Objective This post hoc analysis compared anifrolumab 300 mg every 4 weeks with placebo on rash and arthritis measures with different stringency in patients with moderate to severe SLE (phase IIb; MUSE; NCT01438489). Subgroups were analysed by type I interferon gene signature (IFNGS test–high or test–low).

Methods Rash was measured with the SLE Disease Activity Index 2000 (SLEDAI-2K), British Isles Lupus Assessment Group (BILAG) Index and modified Cutaneous Lupus Erythematosus Disease Area and Severity Index (mCLASI). Arthritis was evaluated using SLEDAI-2K, BILAG and swollen and tender joint counts. Outcomes were measured at week 52.
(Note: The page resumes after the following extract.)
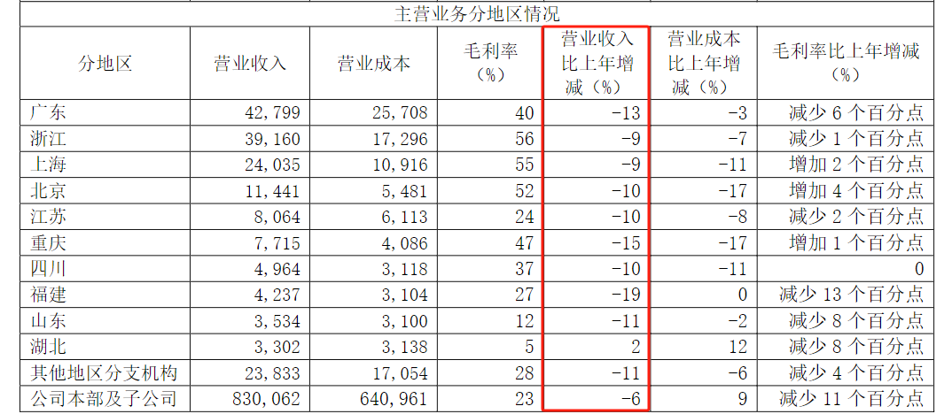 - 光大证券2023年营收及扣非净利双双下滑 董事长赵陵薪酬不降反增至238.33万元对于营业收入下降,光大证券表示:“公司利息净收入18亿元,同比减少3亿元,降幅14%,主要是融资融券息差、同业资金利息和股票质押收入减少;手续费及佣金净收入49亿元,同比减13亿元,降幅21%,主要是经纪业务、投资银行及资产管理业务手续费变动;投资收益及公允价值变动收益26亿元,同比增加14亿元,增幅117%,主要为公司坚持绝对收益策略,优化投资结构的影响;其他业务收入3.4亿元,同比减少6亿元,降幅63%,为本年度大宗商品基差贸易收入变动。”分地区来看,光大证券除湖北地区以外的营业收入同比增加2%,其他区域的营收均有不同程度的下降。其中,福建、重庆、广东地区的降幅较大,分别为19个百分点、15个百分点和13个百分点。此外,光大证券及子公司主营业务毛利率为23%,较上年减少11个百分点。 图片来源:光大证券2023年年度报告在营收和扣非后净利润双双下滑的情况下,光大证券董事长、执行董事赵陵从公司获得的税前报酬总中国网财经
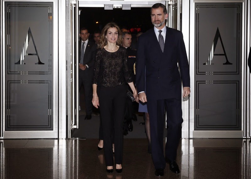 Letizia portait un pantalon noir avec son top FELIPE VARELA, ses escarpins CAROLINA HERRERA et sa pochette HUGO BOSS.

Results More anifrolumab-treated patients demonstrated resolution of rash by SLEDAI-2K versus placebo: 39/88 (44.3%) versus 13/88 (14.8%), OR (90% CI) 4.56 (2.48 to 8.39), p<0.001; improvement of BILAG: 48/82 (58.5%) versus 24/85 (28.2%), OR (90% CI) 3.59 (2.08 to 6.19), p<0.001; and ≥50% improvement by mCLASI: 57/92 (62.0%) versus 30/89 (33.7%), OR (90% CI) 3.31 (1.97 to 5.55), p<0.001. More anifrolumab-treated patients had improved arthritis by SLEDAI-2K versus placebo: 55/97 (56.7%) versus 42/99 (42.4%), OR (90%  CI) 1.88 (1.16 to 3.04), p=0.032;  and BILAG: 65/94 (69.1%) versus 47/95 (49.5%), OR (90% CI) 2.47 (1.48 to 4.12), p=0.003; and mean (SD) swollen and tender joint reductions: –5.5 (6.3) versus –3.4 (5.9), p=0.004. Comparable results were demonstrated in IFNGS test–high patients (n=151). In IFNGS test–low patients (n=50), substantial numerical differences in partial rash and arthritis responses were observed in anifrolumab-treated patients versus placebo, with statistical significance only for rash by BILAG in this small population.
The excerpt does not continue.